За полтора часа до прибытия почетных гостей учеников и учителей выстроили у ворот на улице Сен-Жак. Конные полицейские без церемоний оттеснили их назад и заставили перестроиться. Редкие капли сменились густой моросью. Затем появились королевские приближенные, стражники и придворные. К тому времени, как они разместились у ворот, все успели промокнуть, замерзнуть и перестали искать место с наилучшим обзором. Никто не помнил последней коронации, поэтому никто не предполагал, что все так затянется. Ученики сбились в кучки, приплясывали на месте и ждали.
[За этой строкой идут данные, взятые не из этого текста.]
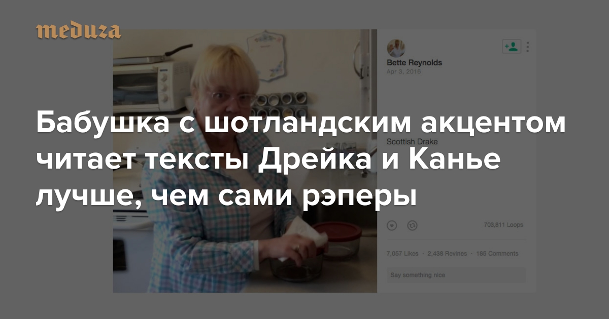 Бабушка с шотландским акцентом читает тексты Дрейка и Канье лучше, чем сами рэперы
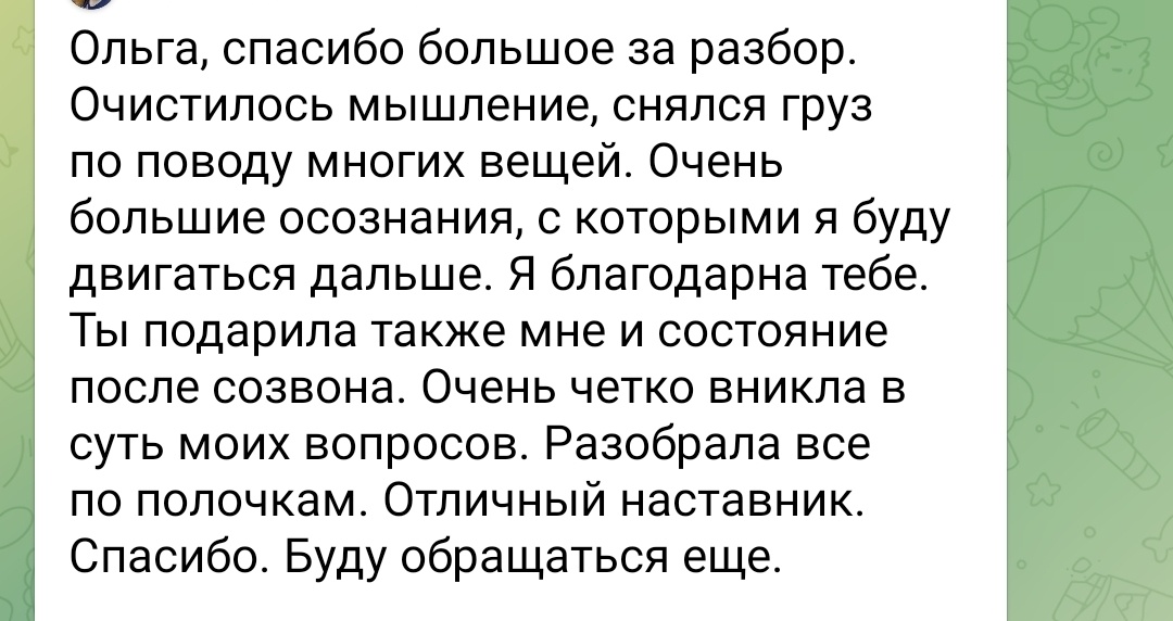 ✔️Помогу разобраться что хочешь, что выгодно делать и с чего начинать. Правильно определим точку А, другими, "трезвыми" глазами посмотрим на то, где ты сейчас находишься. ✔️Найти свою ца, выделить идеального клиента. ✔️Полюбить и грамотно вести социальные сети. ✔️Выявить на основе желаний и сильных сторон четкий план работы, который кратно увеличит доход. Появится желание делать действия, понимание какие важно сделать действия. ✔️Избавимся от того, в чем ты себя загоняешь, найдем где нужно поднажать. ✔️Научимся избавляться от сомнений и страхов фактическими действиями. Ты получишь качественную обратную связь и поддержку. Поднимаю боевой дух, укрепляю веру в человечество на каждой встрече. Избавимся от расфокусировки, четко определим то направление, в котором стоит прикладывать усилия в первую очередь. Даю четкие, конкретные ответы на каждый твой запрос. Без прелюдий, изотерики, долгих размышлений. Ты услышишь близкий опыт с высокой вероятностью и гарантированно получишь объект
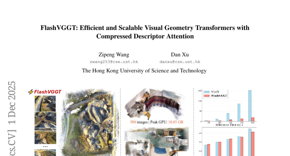 – Introduce FlashVGGT, an efficient model utilizing descriptor-based attention for 3D reconstruction to improve scalability and reduce inference time compared to VGGT.

Если кто-нибудь ненароком выступал вперед, полицейские отпихивали его назад, потрясая оружием.
Наконец показалась королевская карета. Теперь все стояли на цыпочках, вытянув шею, а самые младшие ныли, что, прождав столько времени, ничего не увидят. Директор отец Пуаньяр вышел из толпы, отвесил поклон и, обращаясь к королевскому экипажу, начал подготовленную речь.
Во рту у стипендиата пересохло, его руки слегка дрожали. Хорошо, что он будет читать на латыни и никто не заметит его провинциального акцента.
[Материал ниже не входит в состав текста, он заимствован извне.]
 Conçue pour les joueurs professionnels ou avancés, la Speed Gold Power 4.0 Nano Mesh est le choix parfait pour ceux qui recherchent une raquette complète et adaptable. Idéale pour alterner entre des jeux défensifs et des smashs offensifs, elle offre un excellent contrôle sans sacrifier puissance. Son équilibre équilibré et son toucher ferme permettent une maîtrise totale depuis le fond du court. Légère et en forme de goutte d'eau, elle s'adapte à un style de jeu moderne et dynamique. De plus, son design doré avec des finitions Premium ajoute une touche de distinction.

Королева высунула из окна хорошенькую головку и снова скрылась в карете. Король махнул рукой и что-то пробормотал человеку в ливрее, который с усмешкой передал его слова официальным лицам, а те, обращаясь к замершему в ожидании остальному миру, обошлись пантомимой. Все ясно – выходить их королевские величества не собирались. Приветственный адрес надлежало прочесть, обращаясь к карете, где уютно устроилась королевская чета.
Голова у отца Пуаньяра шла кругом. Следовало расстелить ковры, развесить балдахины, возвести временный павильон, украшенный зелеными ветками в модном деревенском стиле, а возможно, флагами с королевским гербом или венками из цветов в виде королевских монограмм. На его лице отображались ужас и раскаяние. К счастью, отец Эрриво сообразил подать знак стипендиату.
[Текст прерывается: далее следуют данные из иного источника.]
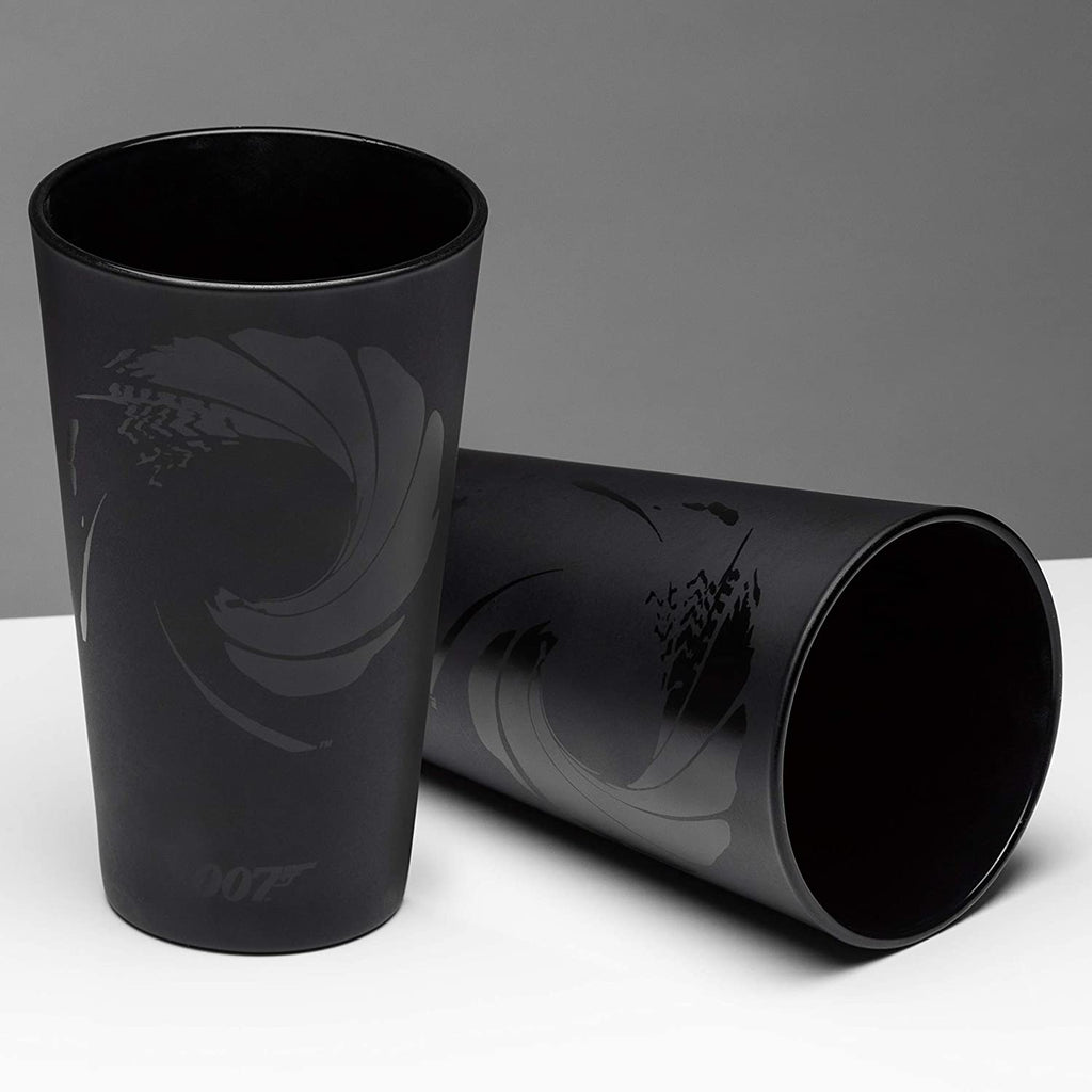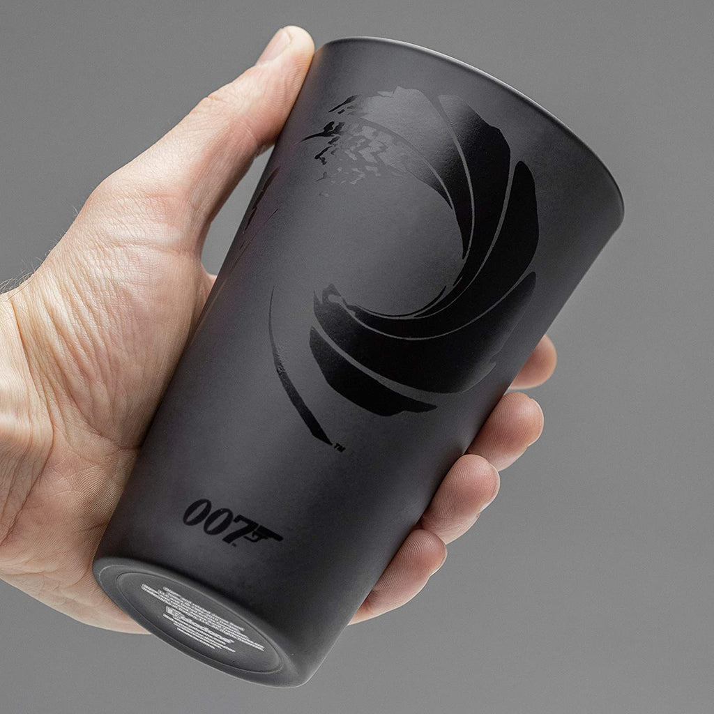Un verre noir mat au design brillant reprenant le motif vectoriel emblématique du canon de pistolet de James Bond, ce verre de 450 ml est idéal pour toute occasion ou mission.

Стипендиат начал читать, голос постепенно набирал силу. Отец Эрриво выдохнул, он сам писал речь, сам готовил юношу. И теперь мог быть доволен – речь удалась.
Королева поежилась от холода.
– Ах! – прошелестело по рядам. – Она продрогла!
Спустя мгновение королева подавила зевок. Король участливо повернулся к ней. Но что это? Кучер натянул поводья! Тяжелый экипаж, заскрипев, сдвинулся с места. Они уезжали, не дослушав адрес, не ответив на приветствие.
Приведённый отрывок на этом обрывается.